Next we will show the metrics average one-step reward $\bar{r}_\pi$ and average state value $\bar{v}_\pi$ is equivalent. When discounted rate $\gamma\in[0,1)$ is given, that

$\textcolor{blue}{\bar{r}_\pi = (1-\gamma)\bar{v}_\pi}$

Proof, note that $\bar{v}_\pi(\theta)=d^T_\pi v_\pi$ and $\bar{r}=d^T_\pi r_\pi$ , where $v_\pi$ and $r_\pi$ statisfy the Bellman equation $v_\pi=r_\pi + \gamma P_\pi v_\pi$ . Then multiplying $d_\pi^T$ on the both left sides of the Bellman equation gives

$\bar{v}_\pi = \bar{r}_\pi + \gamma d^T_\pi P_\pi v_\pi = \bar{r}_\pi + \gamma d^T_\pi v_\pi = \bar{r}_\pi + \gamma \bar{v}_\pi$

which implies $\bar{r}_\pi = (1-\gamma)\bar{v}_\pi$ .

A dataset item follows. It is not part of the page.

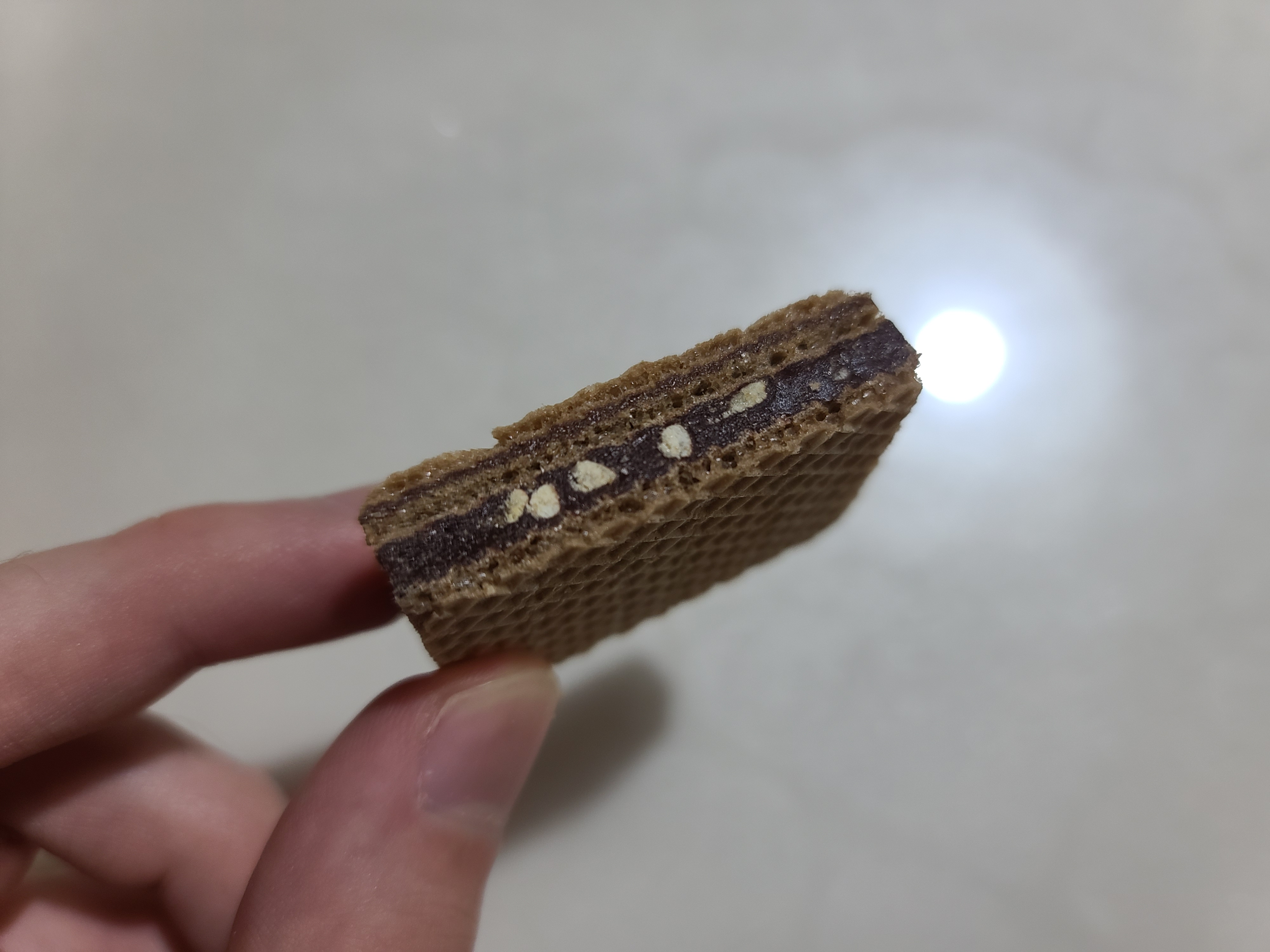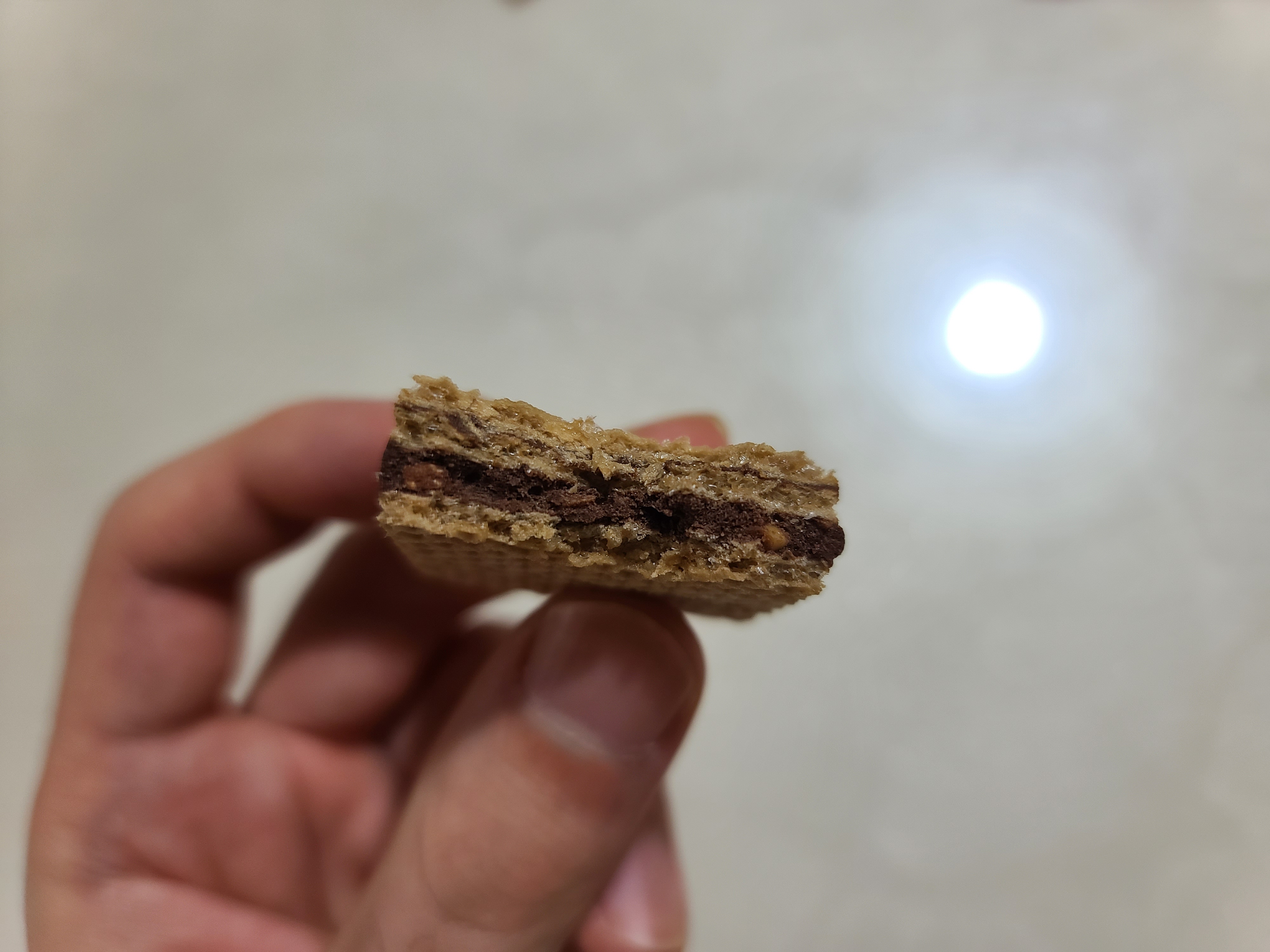 노브랜드 웨하스는 과자층 3개, 얇은 초코층 1개, 두꺼운 초코층(땅콩) 1개로 총 5겹입니다.

Theorem 9.2 (Gradient of $v_\pi(s_0)$ in the discounted case). In the discounted case where $\gamma \in [0,1)$ , the gradients of $v_\pi(s_0)$ is

$\nabla_\theta v_\pi(s_0) = \mathbb{E}[\nabla_\theta \ln \pi(A|S, \theta)q_\pi(S,A)]$

where $\sim \rho_\pi$ and $\sim \pi(s,\theta)$ . Here, the state distribution $\rho_\pi$ is

$\rho_\pi(s) = \Pr_\pi (s|s_0) = \sum_{k=0} \gamma^k \Pr (s_0\to s, k, \pi) = [(I_n - \gamma P_\pi)^{-1}]_{s_0,s}$

which is the discounted total probability transiting from $s_0$ to $s$ under policy $\pi$ .

Theorem 9.3 (Gradient of $\bar{v}_\pi$ and $\bar{r}_\pi$ in the discounted case). In the discounted case where $\gamma \in [0,1)$ , the gradients of $\bar{v}_\pi$ and $\bar{r}_\pi$ are, respectively,

$\begin{aligned} \nabla_\theta \bar{v}_\pi & \approx \frac{1}{1-\gamma} \sum_s d_\pi(s) \sum_a \nabla_\theta \pi(a|s,\theta) q_\pi(s,a) \\ \nabla_\theta \bar{r}_\pi & \approx \sum_s d_\pi(s) \sum_a \nabla_\theta \pi(a|s,\theta) q_\pi(s,a) \end{aligned}$

where the approximations are more accurate when $\gamma$ is closer to $1$ .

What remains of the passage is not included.